Lactase is an enzyme produced by many organisms. It is located in the brush border of the small intestine of humans and other mammals. Lactase is essential to the complete digestion of whole milk; it breaks down lactose, a sugar which gives milk its sweetness. People who have deficiency of lactase, and consume dairy products, may experience the symptoms of lactose intolerance. Lactase can be purchased as a food supplement, and is added to milk to produce "lactose-free" milk products.

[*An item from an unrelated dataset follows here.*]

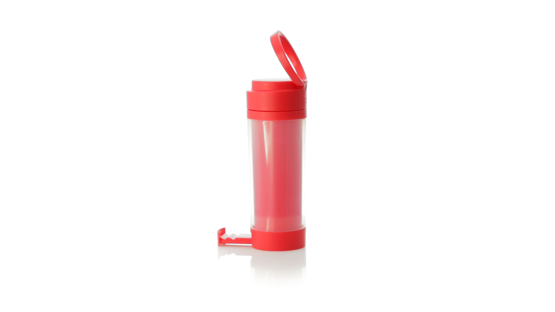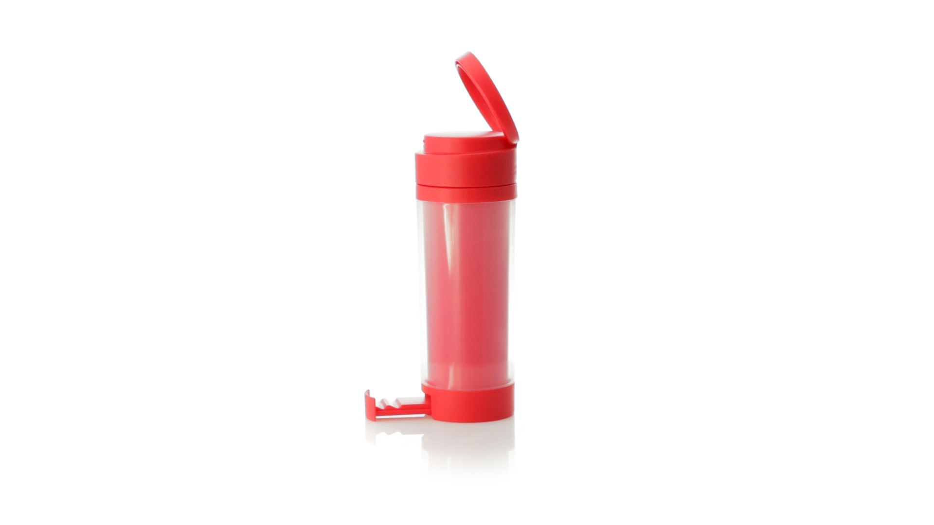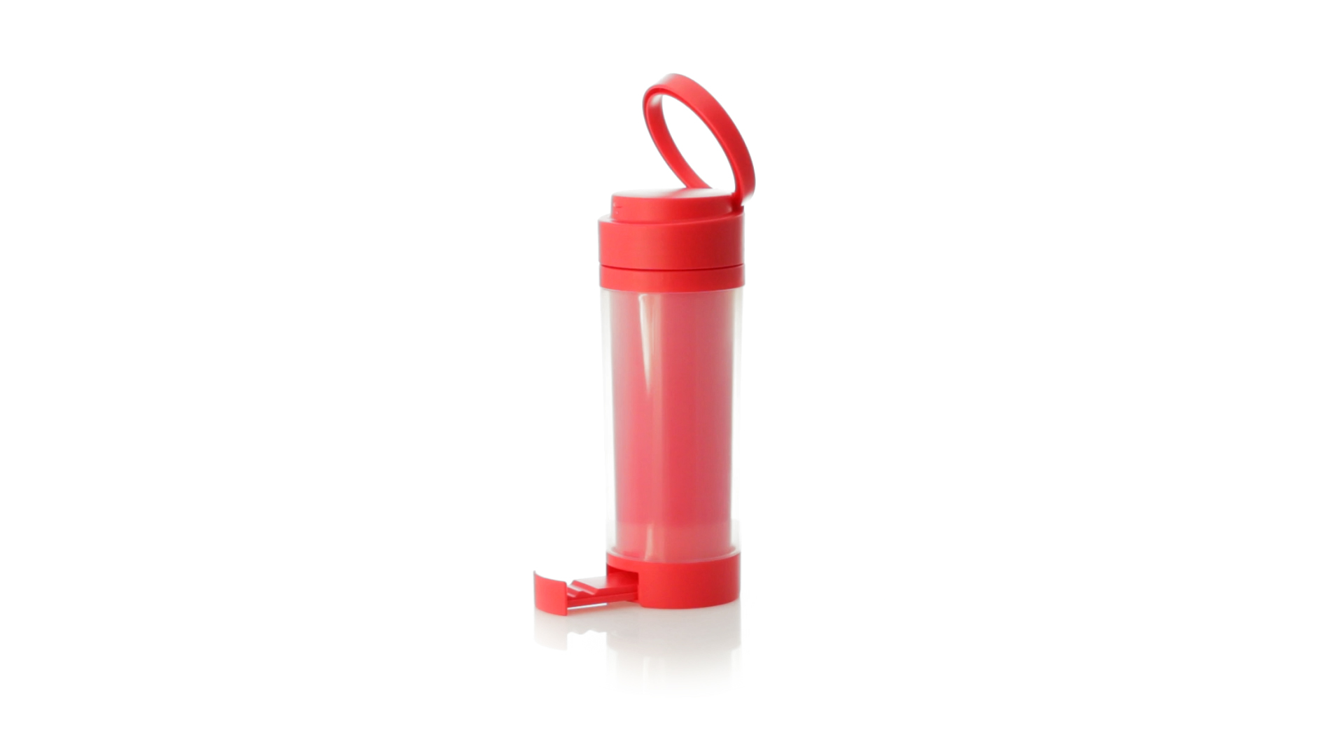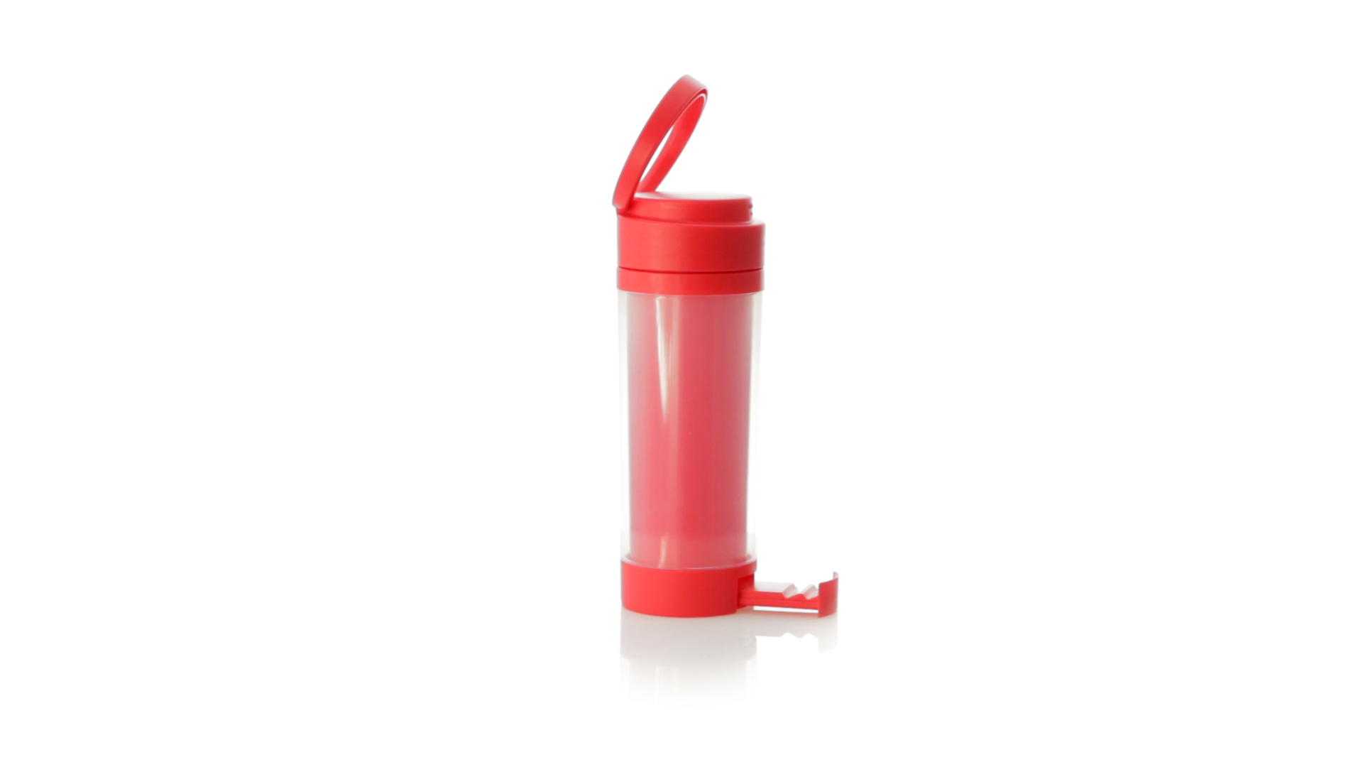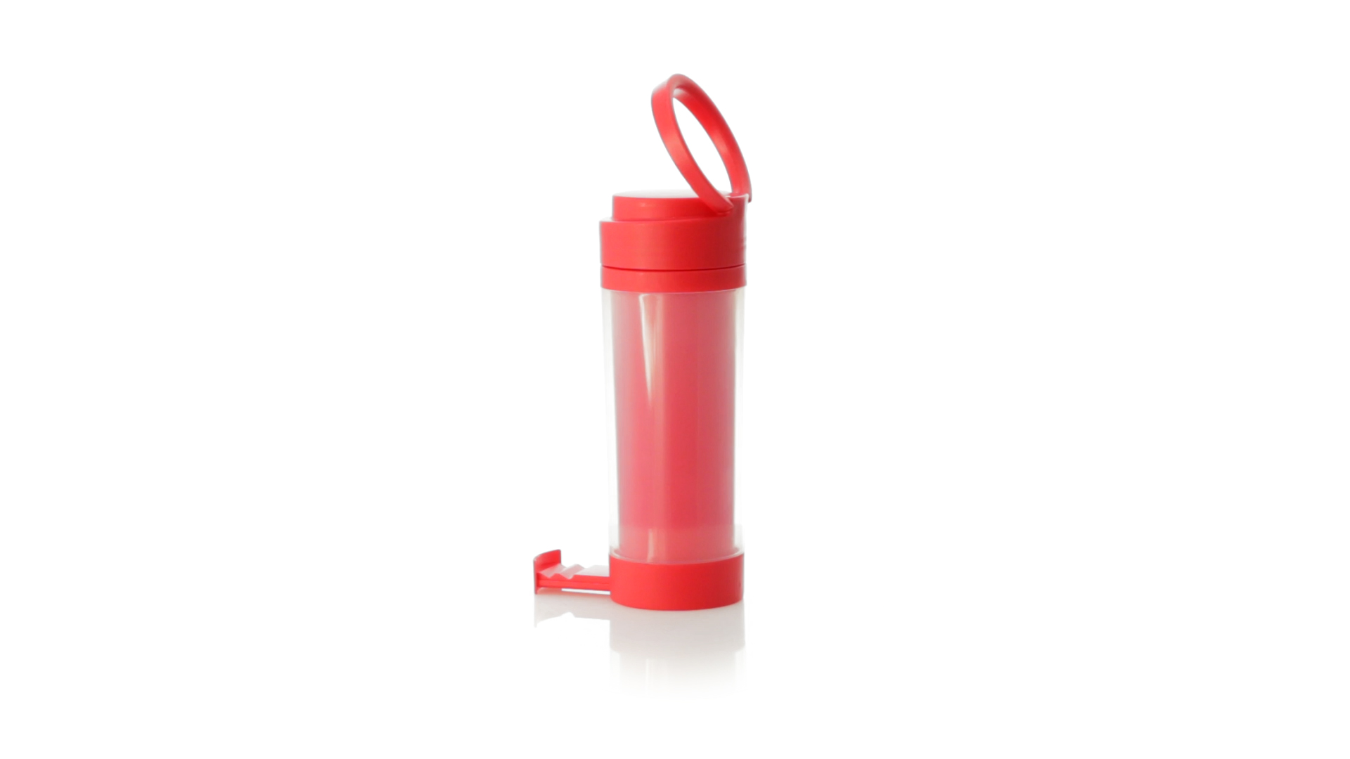 Originelle Trinkflasche mit im Boden integriertem Mobiltelefon-Ständer. Flasche mit 390 ml Fassungsvermögen und transparentem Körper aus Polypropylen (PP) sowie farblich passendem Interieur. Mit Sicherheitsverschluss und Tragegriff. Präsentiert in einer attraktiven Designbox.

Lactase (also known as lactase-phlorizin hydrolase, or LPH), a part of the β-galactosidase family of enzymes, is a glycoside hydrolase involved in the hydrolysis of the disaccharide lactose into constituent galactose and glucose monomers. Lactase is present predominantly along the brush border membrane of the differentiated enterocytes lining the villi of the small intestine. In humans, lactase is encoded by the LCT gene on chromosome 2.

Uses

Food use 
Lactase is an enzyme that some people are unable to produce in their small intestine. Technology to produce lactose-free milk, ice cream, and yogurt was developed by the USDA Agricultural Research Service in 1985. This technology is used to add lactase to milk, thereby hydrolyzing the lactose naturally found in milk, leaving it slightly sweet but digestible by everyone. Without lactase, lactose intolerant people pass the lactose undigested to the colon where bacteria break it down, creating carbon dioxide and that leads to bloating and flatulence.

Medical use 
Lactase supplements are sometimes used to treat lactose intolerance.

Industrial use 
Lactase produced commercially can be extracted both from yeasts such as Kluyveromyces fragilis and Kluyveromyces lactis and from molds, such as Aspergillus niger and Aspergillus oryzae. Its primary commercial use, in supplements and products such as those from Lacteeze and Lactaid, is to break down lactose in milk to make it suitable for people with lactose intolerance. The U.S. Food and Drug Administration has not independently evaluated these products.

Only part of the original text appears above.